I have a task to derive the daily status criteria for the test execution of my project. The three status criteria would be test execution criteria, test case failure rate and bug rate. I need to derive the criteria based on some assumptions -- how can I approach this and derive the same?
Your management or the customer are asking for some very standard test status reports, so the good news is that this is relatively straightforward.

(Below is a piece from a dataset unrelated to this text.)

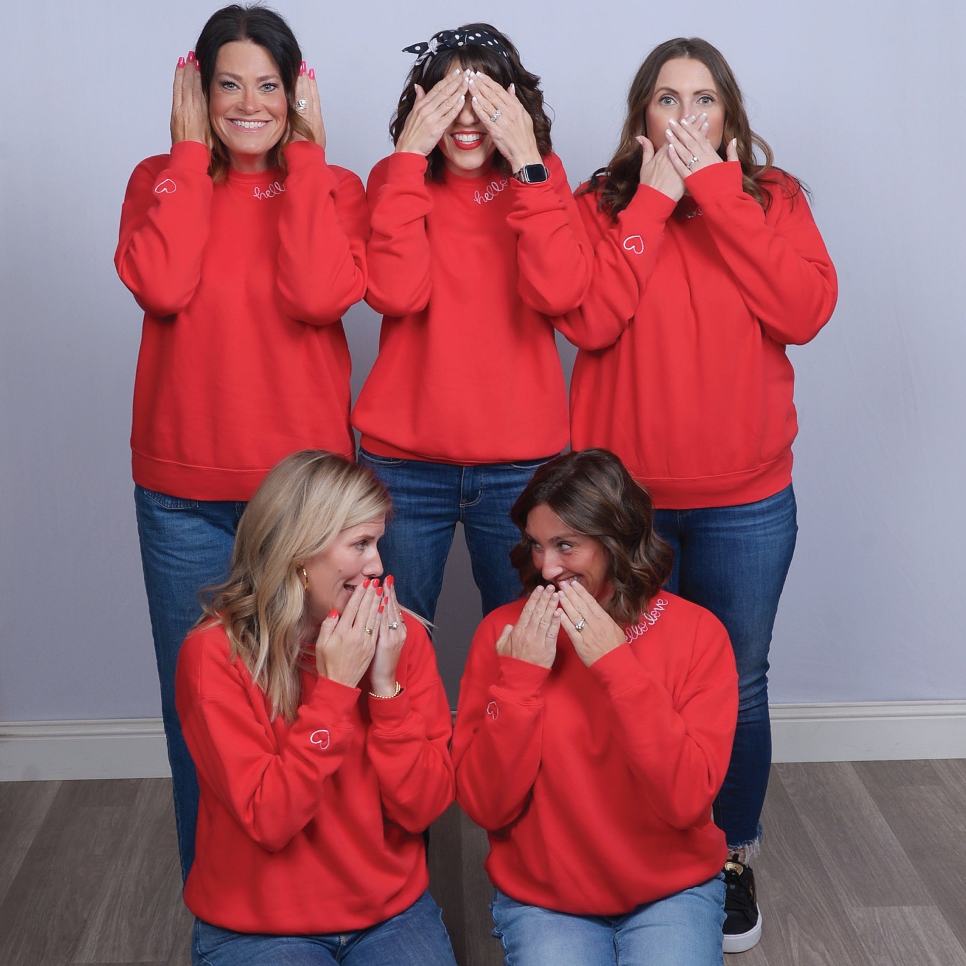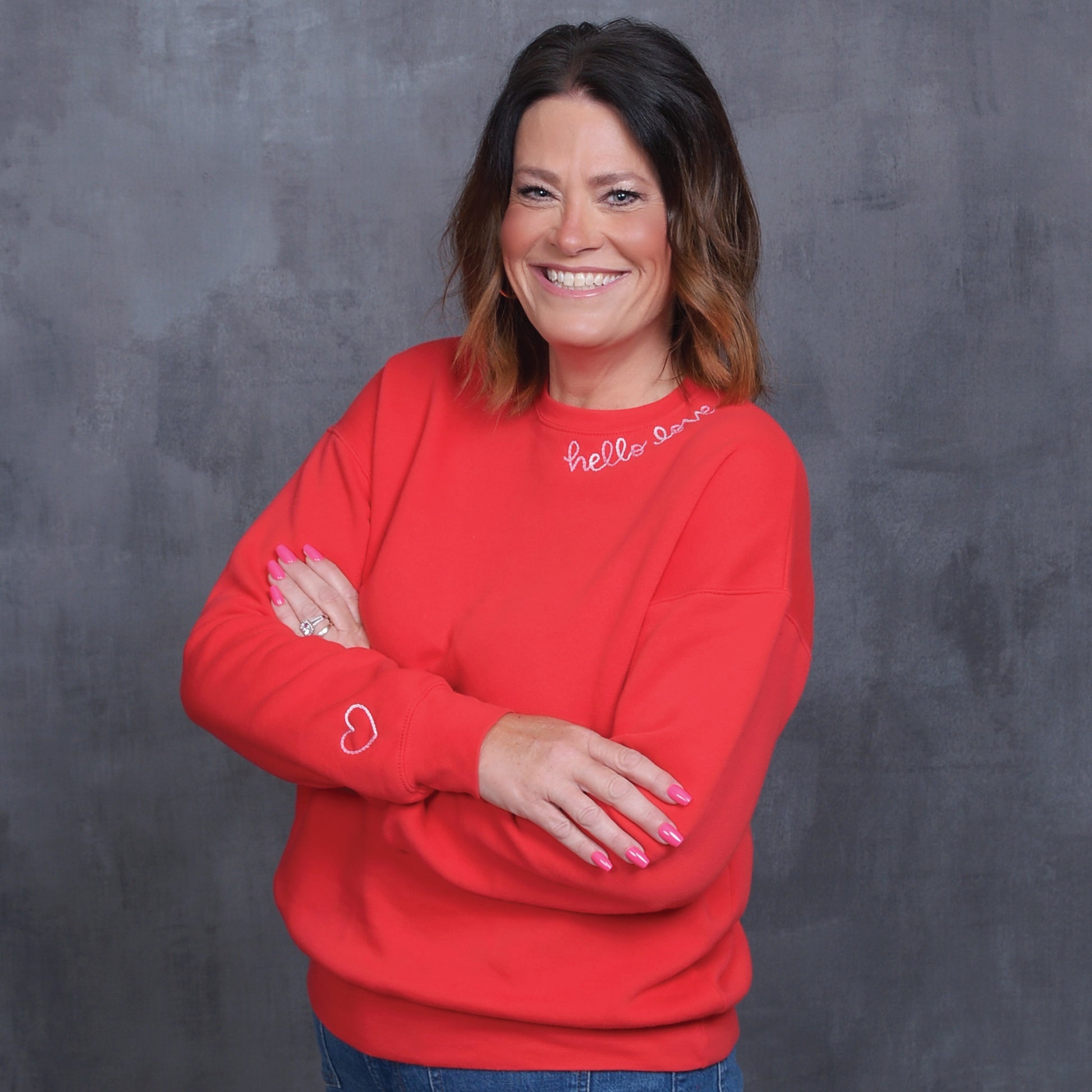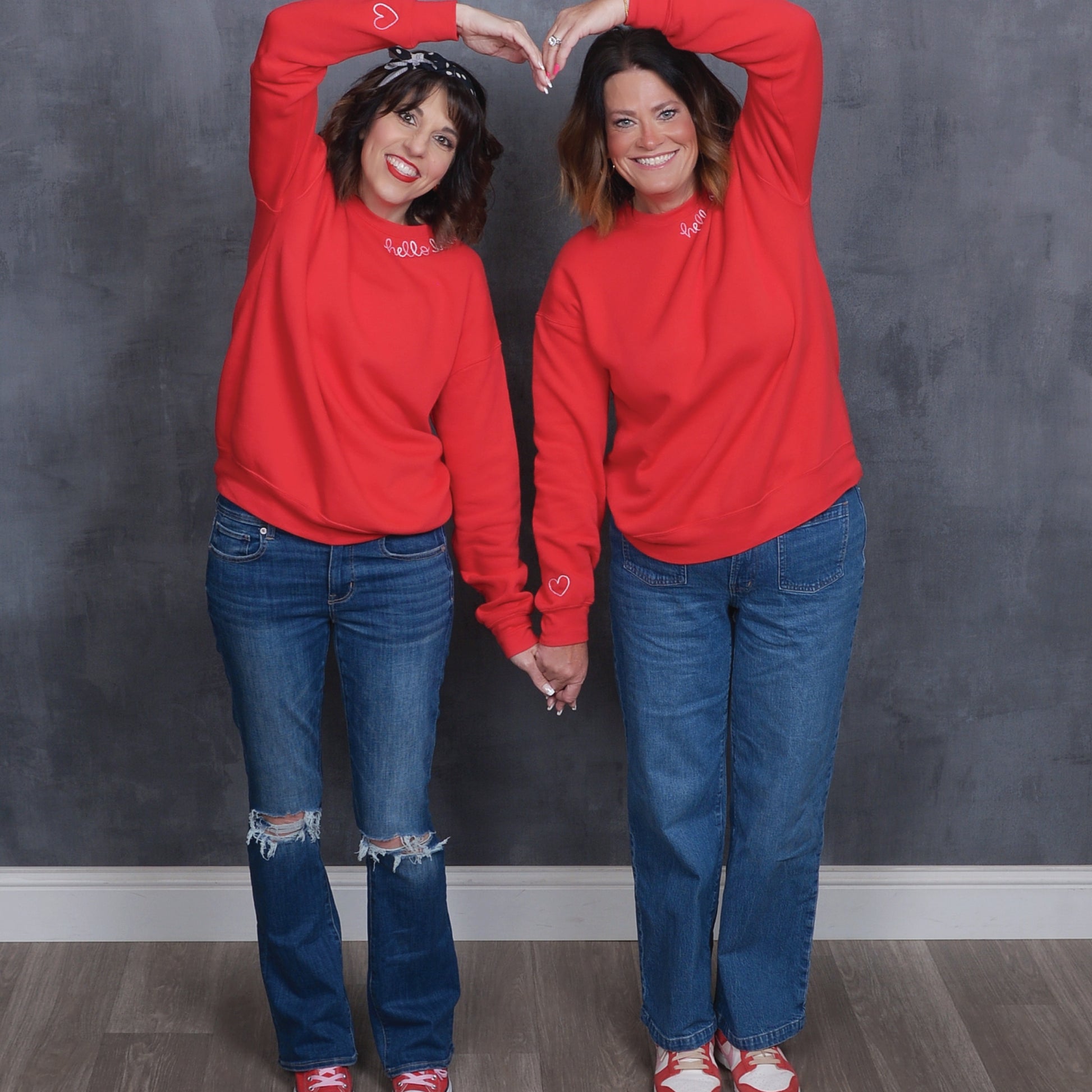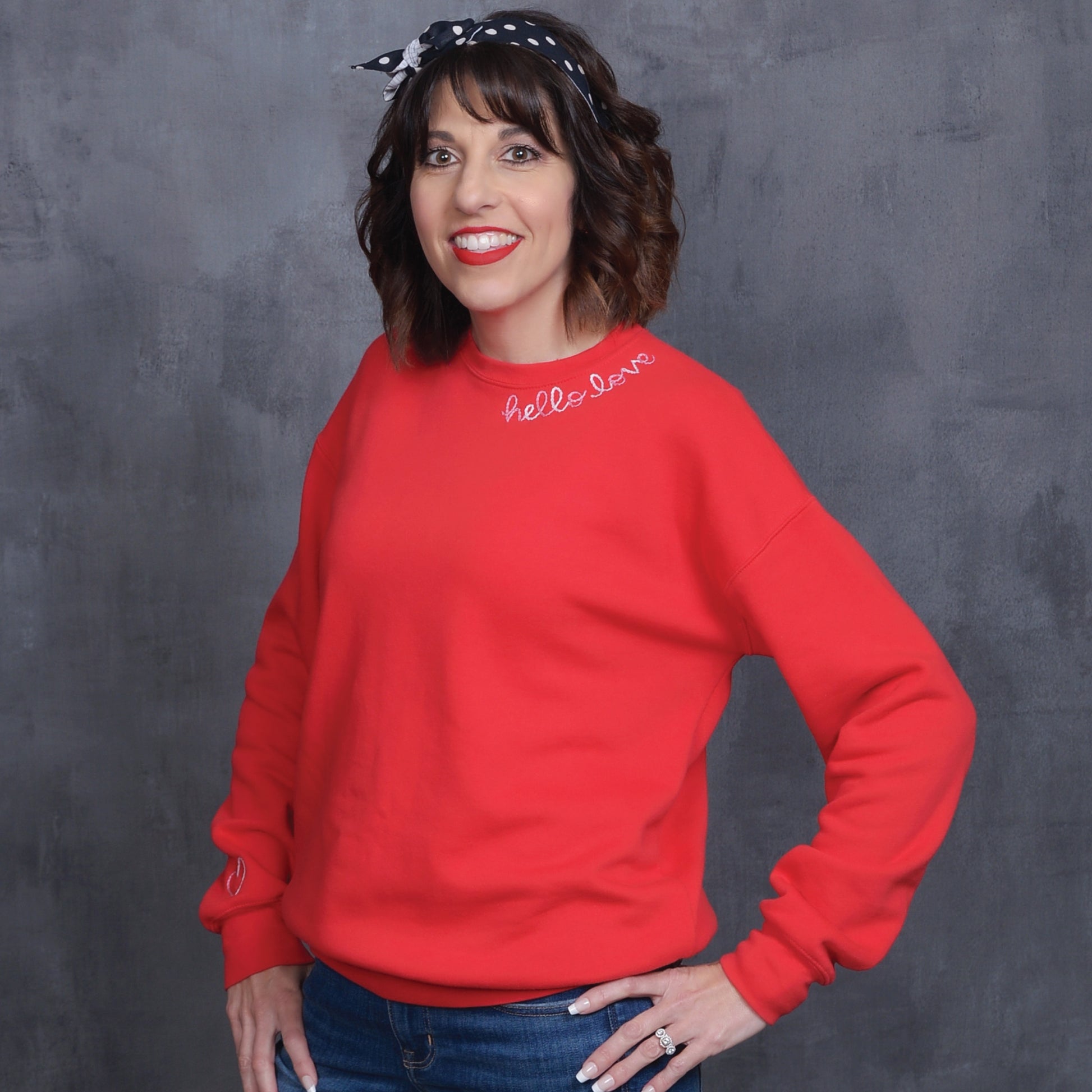Red crew neck sweatshirt with hand embroidered "Hello Love" along the neckline. Pre-shrunk and super soft!

Test execution: The most important metrics in this are total test cases, test cases executed, test cases remaining, test execution rate, and "glidepath execution rate." Total test cases are, obviously, the total number of cases you must execute during this project. Test cases executed is the sum total of cases which have been executed (pass or fail, but NOT including "blocked" cases). Test cases remaining should be the sum of cases not executed plus cases blocked, for this metric represents all the work remaining. Test execution rate should be the average number of cases your team is executing per day. Finally, the glidepath is the rate of execution your team needs to maintain in order to complete the project.
To calculate the execution rate, take the total number of cases executed (passed, failed, but not "blocked") and divide by the number of working days. Note that you also have to communicate the number of cases failed and the time it will take to retest these. Some teams want you to report this as a separate metric, some teams want the "failed" cases to not count as executed, and be counted as remaining test cases.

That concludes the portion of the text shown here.